Потом мы с этой Фазой подружились, и когда Сашка брал ее на озеро, она всегда устраивалась в лодке у меня в ногах. Но мне почему-то казалось, что она помнит, как сжимала челюсти вокруг моего запястья, и знает, что я тоже помню об этом. Ну и что? У людей тоже часто так бывает: кто-то кого-то обидел, потом вроде бы все забылось, и дружат крепко, а все равно воспоминание о давней обиде живет в обоих, в обидевшем и обиженном, и им крупно повезет, если у них не будет повода его освежить.

Нам с Фазой в этом смысле повезло. Мы не обижали больше друг друга, и я даже спас ее, вытащил из горла застрявшую кость, делал ей уколы, когда она заболела, и в конце концов вместе с Сашкой мы ее увезли на лодке на тот берег пруда и там похоронили, так что в памяти у меня о нашей уже как бы общей собаке больше осталось хорошего, чем плохого. Тем более что я всегда мечтал завести собаку, но отец мне бы этого не позволил, до Трезора у него никогда собак не было, и он их не любил, и я Сашке страшно завидовал, что он живет не в городской квартире, а в частном доме, недалеко от пруда, и что он может хоть трех собак держать на дворе, в конуре - было бы чем кормить. И даже мечтал - мы вместе с Сашкой мечтали, - что оставим от Фазы одного щенка и он будет мой: я буду его кормить и гулять с ним после школы, а жить он будет у Сашки вместе с Фазой.
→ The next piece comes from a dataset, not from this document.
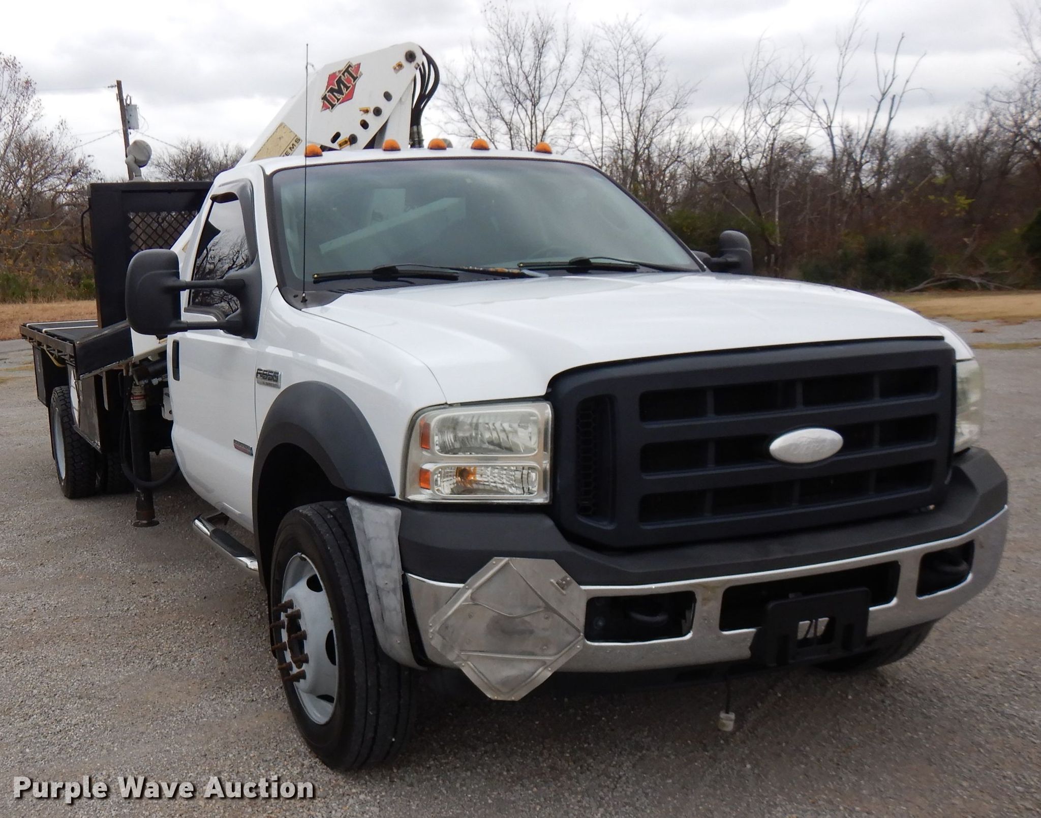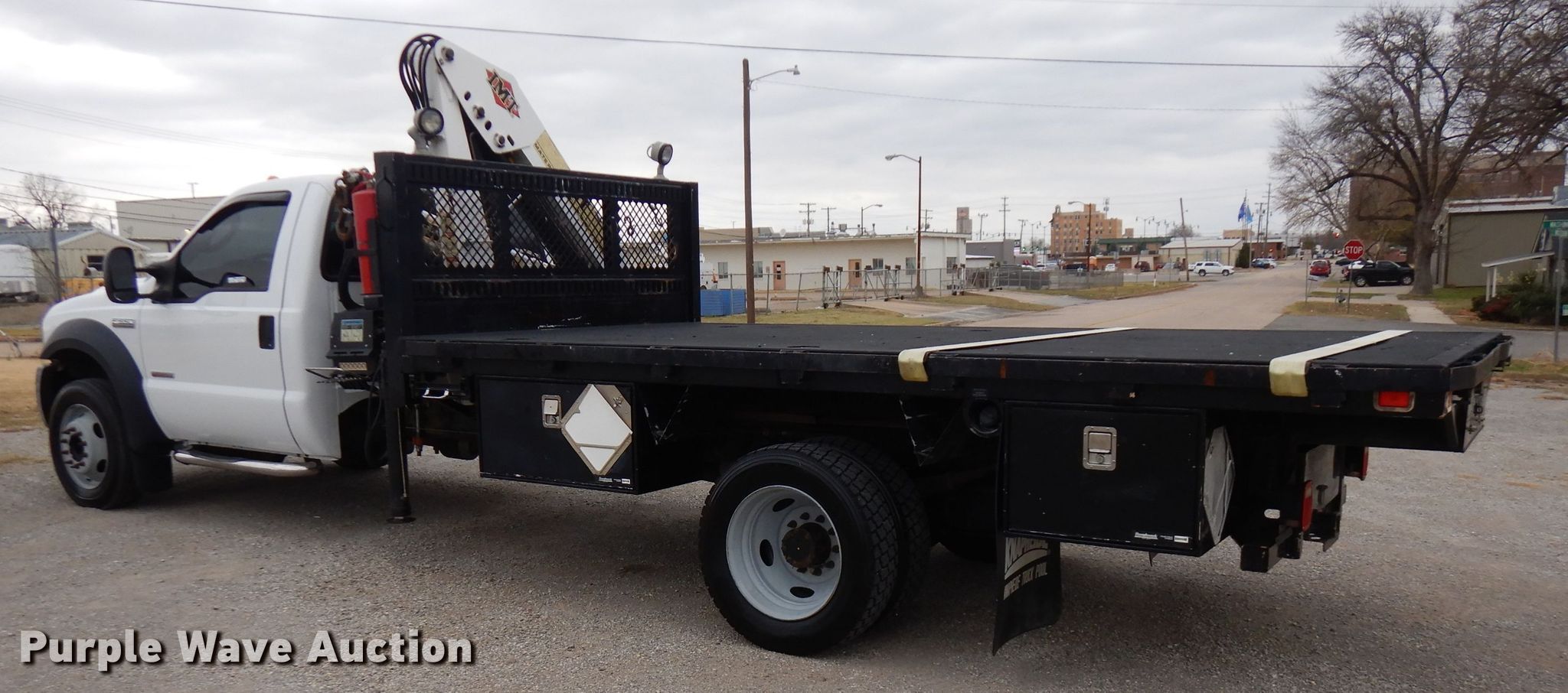 Purple Wave is selling a used Flat Bed Truck in Oklahoma. This item is a 2007 Ford F550 Super Duty flatbed truck with crane with the following: 136,885 miles on odometer
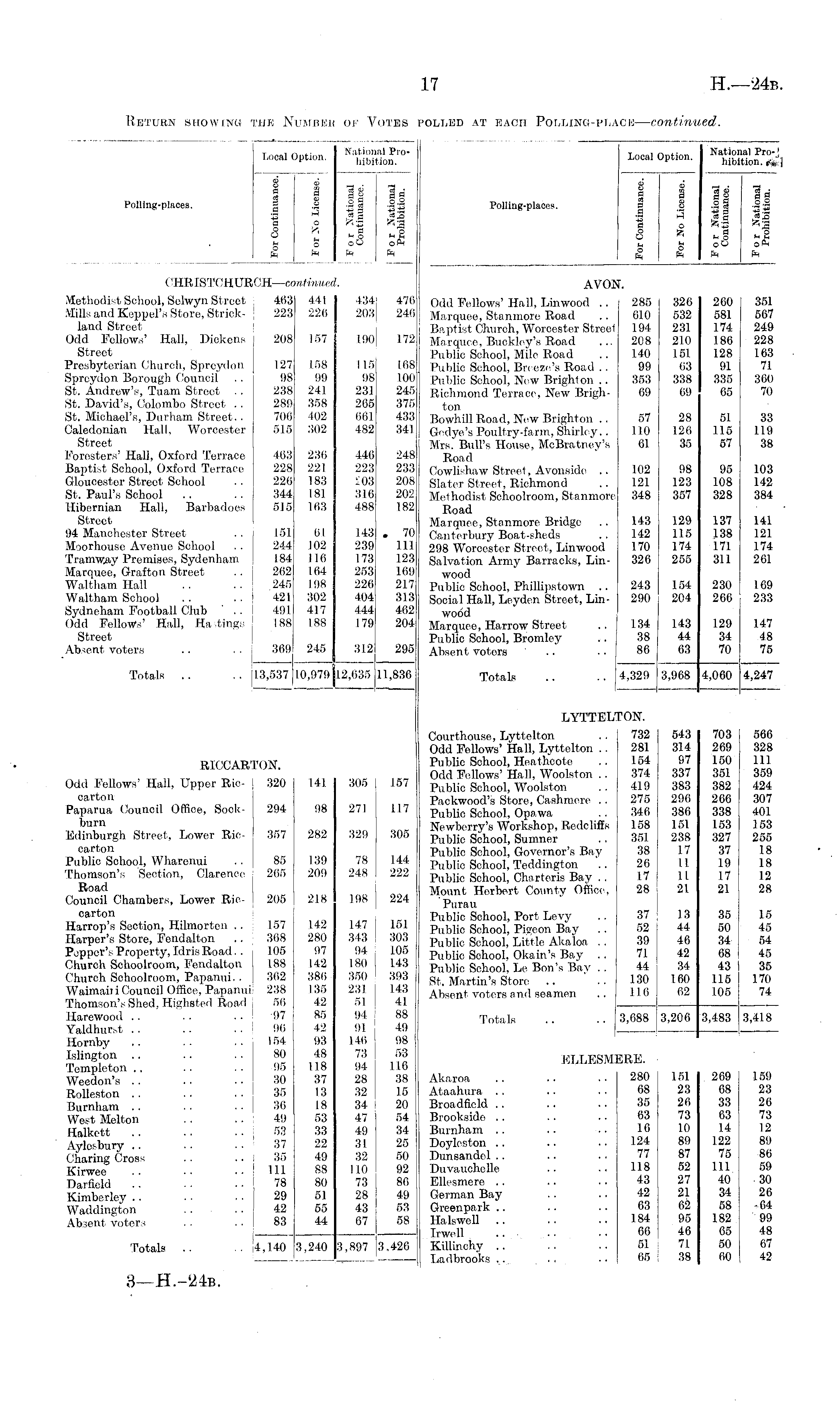 Local Option. Local C )ption. Nation hihii lal Pi'otion. Local iption. Nation hibil al Pro-1 ;ion. f-i. | 8 o I 1 Polling-places. ,3 a © § | _a *j a o o fa o ft o 1 o 3 o R fa o ft II IJ a fa o oO ft la o.2 '■3 is *3 "1 oft ft Polling-places. V e a B a !fa a o O fa o ft | © 3 o fa o ft If As fag oO ft "3 A a a 5.2 '•3 a ?! to © r< ° 2, ft ft m (! HRISTt IHURCH— contmuea ,CH—co mtinuet J 476 ■ | 246 AVON. i. Methodist School, Selwyn Street 463 441 Mills and Keppel's Store, Strick- , 223 226 land Street Odd Fellows' Hall, Dickens 208 157 Street Presbyterian Church, Sprcydon 127 158 Spreydon Borough Council .. 98 99 St. Andrew's, Tuam Street . . 238 241 St. David's, Colombo Street . . 289 358 St. Hichael's, Durham Street. . 700 402 Caledonian Hall. Worcester 515 302 Street Foresters' Hall, Oxford Terrace 463 236 Baptist School, Oxford Terrace 228 221 Gloucester Street School . . 220 183 St. Paul's School .. .. 344 181 Hibernian Hall, Barbadoes 515 163 Street 94 Manchester Street .. 151 61 Hoorhouse Avenue School . . 244 102 Tramway Promises, Sydenham 184 110 Harquee, Grafton Street .. 202 164 Waltham Hall .. .. 245 198 Waltham School .. .. 421 302 Sydneham Football Club ' .. I 491. 417 Odd Fellows' Hall, Ratings 188 188 Street Absent voters .. .. 369 245 463 223 441 226 434| 203 j Odd Fellows' Hall, Linwood .. 285 Harquee, Stanmore Road .. 610 Baptist Church, Worcester Street 194 Marquee, Buokley's Road ... 208 Public School, Mile Road .. 140 Public School, Br< ezo's Road .. 99 Public School, New Brighton .. 353 Richmond Terrace, New Brigh- 69 ton Bowhill Road, Now Brighton .. 57 Gedye's Poultry-farm, Shirley.. 110 Hrs. Bull's House, HcBratncy's 61 Road Cowlishaw Street, Avonside .. 102 Slater Street, Richmond .. 121 Methodist Schoolroom, Stanmore 348 Road Harquee, Stanmore Bridge .. 143 Canterbury Boat-sheds .. 142 298 Worcester Street, Linwood 170 Salvation Army Barracks, Lin- 326 wood Public School, Phillipstown .. 243 Social Hall, Leyden Street, Lin- 290 wood Marquee, Harrow Street .. 134 Public School, Bromley .. 38 Absent voters .. .. 86 326 532 231 210 151 63 338 69 260 581 174 186 128 91 335 65 351 567 249 228 163 71 360 70 208 157 190 172 127 98 238 289 706 515 158 99 241 358 402 302 115 98 231 265 661 482 108 100 245 375 433 341 28 126 35 51 115 57 33 119 38 463 228 226 344 515 236 221 183 181 163 446 223 £03 316 488 248 233 208 202 182 98 123 357 95 108 328 103 142 384 151 244 184 262 245 421 491 188 61 102 110 164 198 302 417 188 143 239 173 253 226 404 444 179 . 70 111 123 169 217 313 462 204 129 116 174 255 137 138 171 311 141 121 174 201 154 204 230 266 109 233 143 44 63 129 34 70 1.47 48 75 369 245 312 295 Totals .. .. 13,537 10,979 12,035 11,836 Totals .. .. 4,329 3,968 4,247 4,000 LYTTELTON. 543 314 97 337 383 296 386 151 238 17 II II 21 566 328 111 359 424 307 401 153 255 18 18 12 28 RICCARTON. Odd Fellows' Hall, Upper Ric- 320 141 carton Paparua Council Office, Sock- 294 98 burn Edinburgh Street, Lower Ric- I 357 282 carton Public School, Wharenui .. 85 139 Thomson's Section, Clarence 265 209 Road Council Chambers, Lower Ric- ; 205 218 carton Harrop's Section, Hilmorton .. : 157 142 Harper's Store, Fendalton .. 308 280 Pepper's Property, Idris Road.. 105 97 Church Schoolroom, Fendalton 188 142 Church Schoolroom, Papanui. . ! 302 380 Waimairi Council Office, Papanui, 238 135 Thomson's Shed, Highsted Road 56 42 Harowood .. .. . . I '97 85 Yaldhurst .. .. .. ! 96 42 Hornby .. .. 154 93 Islington .. .. .. 80 48 Templototi .. • • ■ • 95 118 Weedon's . . .. .. 30 37 Rolleston . . . . .. 35 13 Burnham . . . . .. 36 18 West Helton . . . . 49 53 Halkett .. .. ..58 33 Aylesbury .. . . .. | 37 22 Charing Cross . . .. 35 49 Kirwee . • ■ • • • 111 88 Darfield . . .. .. 78 80 Kimberley .. .. .. 29 51 Waddington . . . . 42 55 Absent voters . . . . 83 44 305 271 329 78 248 157 117 305 144 222 Courthouse, Lyttelton .. 732 Odd Fellows' Hall, Lyttelton . . 281 Public School, Heathcotc . . 154 Odd Fellows' Hall, Woolston .. 374 Public School, Woolston .. 419 Packwood's Store, Cashmere .. 275 Public School, Opawa .. 346 Newberry's Workshop, Rcdcliffs 158 Public School, Sumner . . 351 Public School, Governor's Bay 38 Public School, Toddington .. 26 Public School, Charteris Bay .. 17 Mount Herbert County Office. 28 Purau Public School, Port Levy .. 37 Public School, Pigeon Bay .. 52 Public School, Little Akaloa . . 39 Public School, Okain's Bay .. 71 Public School, Le Bon's Bay .. 44 St, Hartin's Store .. .. 130 Absent voters and seamen .. 11 6 703 269 150 351 382 266 338 153 327 37 19 17 21 198 224 1.47 343 94 180 ! 350 231 51 94 91 140 73 94 28 32 34 47 49 31 32 1 10 73 28 43 67 151 303 105 143 393 143 41 88 49 98 53 116 38 15 20 54 34 25 50 92 86 49 53 58 13 44 46 42 34 1 60 02 35 50 34 68 43 115 105 15 45 54 45 35 170 74 Totals .. .. 3,688 3,088 3,206 3,483 3,418 ELLESMERE. ERE. Akaroa .. .. ■ ■ 280 Ataahura .. .. . • 68 Broadficld .. .. •• 35 Brookside . . .. • • 63 Burnham . . . • • • 16 Doyleston .. .. . ■ 124 Dunsandcl .. . • • ■ 77 Duvauchclle .. •• 118 Ellesmere .. .. •. 43 German Bay .. .. 42 Grcenpark .. .. .. 63 Halswell .. ... •• 184 Irwell • • 66 Killinchy .. .. .. 51 Ladbrooks .. .. .. 65 280 151 68 23 35 26 63 73 16 10 124 89 77 87 118 52 43 27 42 21 03 62 184 95 66 46 51 71 65 38 209 08 33 63 14 122 75 111 40 34 58 182 65 50 60 159 23 26 73 12 89 86 59 30 20 04 99 48 67 42 Totals .. .. 4,140 3,240 3,897 3,426

Эта мечта, как и вообще все мечты, не то чтобы не исполнилась, но исполнилась на иной, более прозаичный лад. Когда Фаза начала стареть и стало ясно, что щенки у нее уже в последний раз, Сашкины родители решили оставить одного щенка для себя, чтобы сторожил двор, когда умрет Фаза. Выбрали самого большого, назвали его Вольтом (отец у Сашки был электриком на заводе, оттого и клички такие: поросята у них были Плюс и Минус), и мы с Сашкой построили для него новую просторную конуру, но почему-то мне уже не хотелось считать Вольта моей собакой, и мы с ним не подружились. И что с ним впоследствии стало, когда на месте частных домов стали строить двенадцатиэтажки и Сашкиным родителям дали квартиру в другом районе, я совершенно не помню. А как умирала Фаза, как мы ее хоронили, как выпили с Сашкой вдвоем на ее могиле - помню до сих пор.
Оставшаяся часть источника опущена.